A good friend brought this up one time and started such an interesting discussion that it still sticks with me. I think about it from time to time, and I see it over and over again in my story.

The virgin myth is the theme of that innocent young girl, usually a virgin that gets swept up by a man, usually experienced. (Does this theme ever show up in lesbian writings? *makes a note to give that a try*) I’ve seen this in Disney movies like Tangled and the Frog and the Princess, and even Sleeping Beauty to a degree, though we don’t get much into the prince on that one it’s more symbolic because she’s been sleeping and he’s out adventuring.

Well this got us all thinking. Did men really prefer virgins over experienced women? (We didn’t think so, though some of us asked our male partners.) What about an experienced woman faced with a man who was a virgin?

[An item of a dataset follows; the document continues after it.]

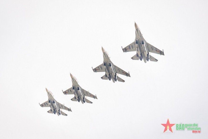 Biên đội máy bay chiến đấu Su-30MK2 bay biểu diễn ở độ cao thấp. Ảnh: QĐND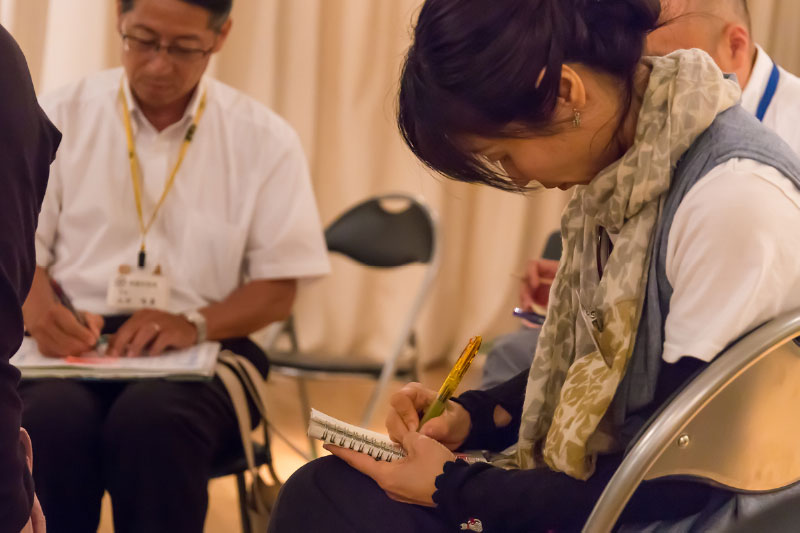 意見が言いにくかったなという、もともと内気な方もいらっしゃったかもしれないけども、その中でも何かしら自分の貢献を紙に残すかたちでみなさんここに関わったという感触を持って、お家に帰られたらすばらしいなと思っています。

After thinking about it, I could only explain what I was thinking and why it showed up so much in my own writings. Surprisingly, it wasn’t really about the sex.

It’s about growing up and becoming part of the adult world. So I guess it is a little bit about sex. But it’s also about not belonging, and having someone stop to show you the way.

In my own life, growing up has been difficult. I’ve always been painfully shy (or uhm, well I used to be at least), and I suffered a bout of self esteem so low that I couldn’t look at myself in mirrors for a long time. All around me I watched others being a part of life so easily. They just slipped into adulthood, made friends, fell in love, fell out of love, and before they realized it they were adults.

I’m not meaning to suggest that I somehow had it harder than everyone else or that growing up is easy. I always end up explaining this bit poorly, so people go, “Oh it’s like that for everyone.” No, what I mean to say is that I knew I felt about it differently from others, and I knew that I was going about growing up differently from others. It was neither harder nor easier, it was just different, and I was fully aware of the fact that it was different.

It was very much like standing outside and looking in. A lot of people say that, so I know a lot of people understand, but even knowing there are others who feel the same and understand, you still feel like an outsider.

And in real life, if we’re going to talk about the sex, I didn’t get my first kiss until I was 24.

So as I see it, the virgin myth is about someone who is already a part of this world that feels out of reach stopping, noticing that person who stands on the side watching everyone move around them, and then helping them ease on in. It doesn’t always have to change the person who becomes part of that world, and in fact, most often a part of this “myth” is that the experienced partner falls in love with the less experienced partner for who they are, even loving them because they don’t know how to become part of that world.

I make no apologies, least of all for this reoccuring myth that will weave itself into my stories as I go along. It’s part of the fabric that makes me who I am and makes my stories what they are. I refuse to fight it.